Situé à l’origine au sous-sol de l’UdeM, l’Institut est rapidement déménagé dans l’est de Montréal, dans l’ancien hôtel de ville de Maisonneuve – aujourd’hui occupé par la bibliothèque Maisonneuve. Des patients de Montréal et d’ailleurs y ont été soignés sans relâche jusqu’à sa fermeture en 1967. Les archives de l’Institut du Radium et de Joseph-Ernest Gendreau, conservées au Service des archives et de la gestion de l’information de l’Université, témoignent du travail de cette institution unique.

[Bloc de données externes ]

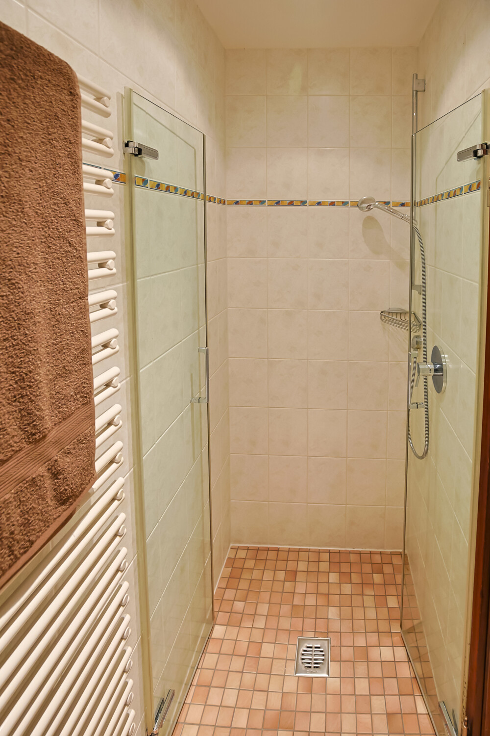 - Badezimmer: Wanne, bodengleiche Dusche und Duschabtrennung, Waschbecken mit Spiegelschrank, WC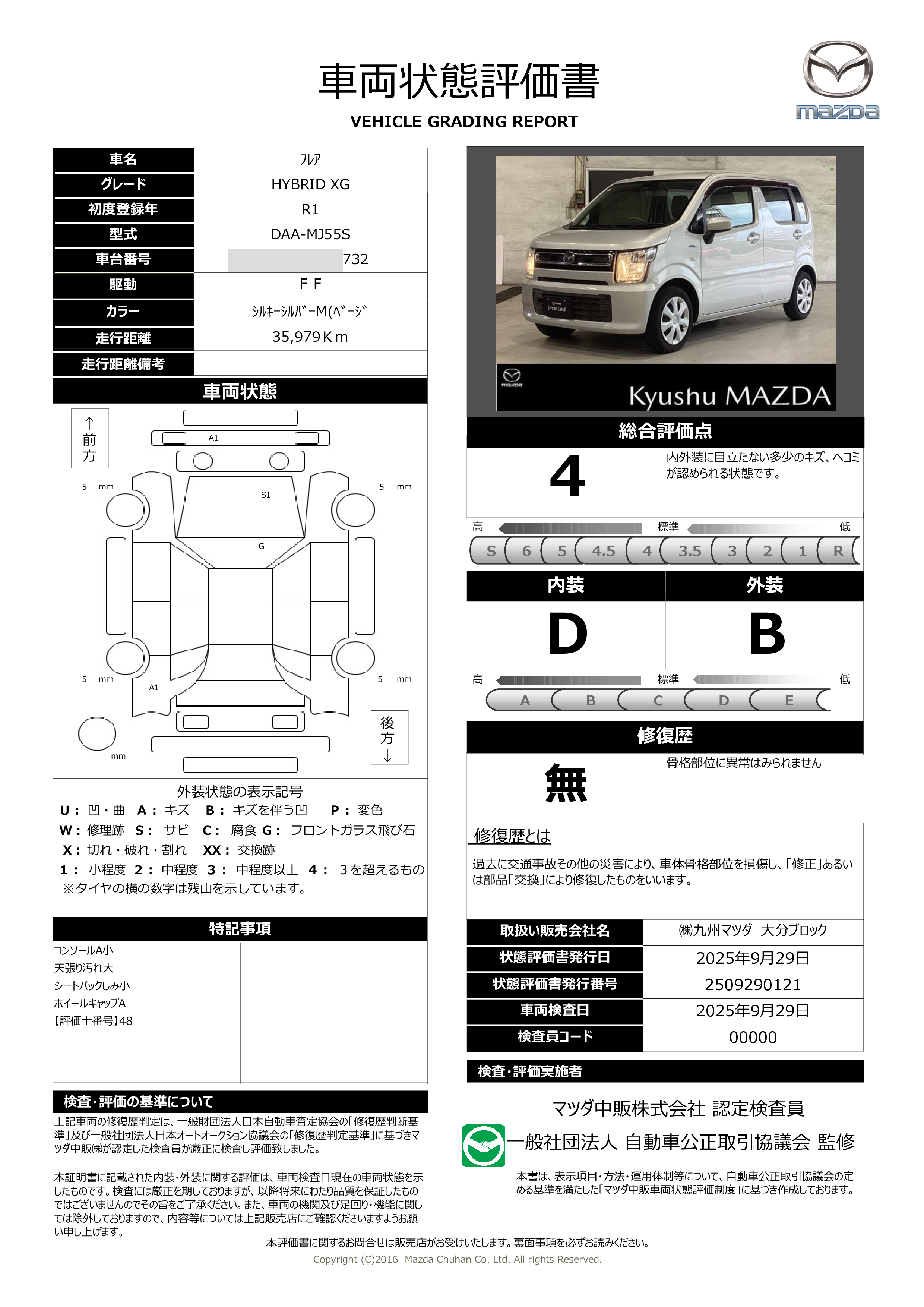 - 付 (新車保証継承(初度登録から5年間/走行距離10万kmまで))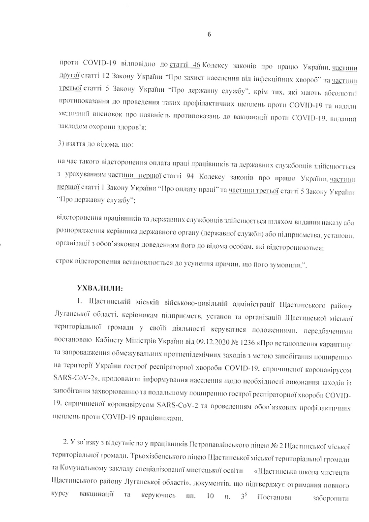 Розпорядження Щастинської міської ВА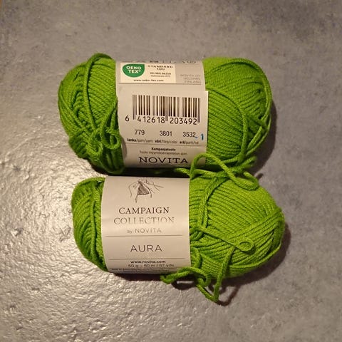 Kolme kerää violettia Novitan Aura-neulelankaa, väri 7701 ja erä 3532.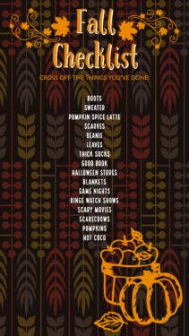 Engage followers with seasonal IG stories. Instagram Stories boost engagement and encourage friends and followers interact with your brand. And once you add pumpkins to the mix, well, these seasonal templates spark extra IG interest. Advertise a retail event or provide value to your tribe with a design rich fall checklist. Use these pumpkin-themed templates as is, or customize them to showcase anything from your favorite sweater-weather rom-com movies to a silly jack-o-lantern meme.

Une institution pionnière dans la recherche et le traitement du cancer

Extracteur de fumée de radium, Institut du Radium de Montréal, 6 mars 1943 Réalisation : Edgar Gariepy. 1 photographie : Noir et blanc, 17×12 cm Archives UdeM, Fonds Joseph-Ernest Gendreau, P0454c050853AH-0005 Réalisé en béton avec l’achat de 1,25 g de radium (au coût de 100 000 $) du gouvernement du Québec, l’implantation de l’Institut est accueillie avec enthousiasme. Le domaine de la recherche médicale est alors en plein essor : la découverte du radium par Marie et Pierre Curie en 1898 est perçue comme une véritable révolution dans le traitement du cancer. C’est donc le modèle de l’Institut du Radium de Paris – où le Dr. Gendreau – que nous voulons reproduire au nouvel institut de Montréal. A l’époque, le radium – élément chimique radioactif – était perçu comme une véritable panacée, dont les bienfaits dépassaient le seul contexte médical. Dans une lettre adressée en 1922 à Athanase David, secrétaire provincial du gouvernement d’Alexandre Taschereau, le Dr. Gendreau a écrit : « Du point de vue de la santé publique, [le radium est] une acquisition très utile, qui aura ses implications financières, puisque le combat pour la santé devient finalement un combat pour les possessions matérielles mais aussi pour le bonheur. Dépositaire du radium acheté par l’État du Québec, qui en demeure propriétaire, l’Institut du radium – alors affilié à l’UdeM – est responsable de l’exportation des fumées de radium. Ces fumées sont ensuite utilisées pour traiter certains types de cancer, soit sous forme d’injections dans les tissus cancéreux, soit par exposition directe aux rayonnements. En contrepartie de ce monopole de collecte des émissions, l’Institut doit distribuer les émissions excédentaires non utilisées aux autres hôpitaux de Montréal.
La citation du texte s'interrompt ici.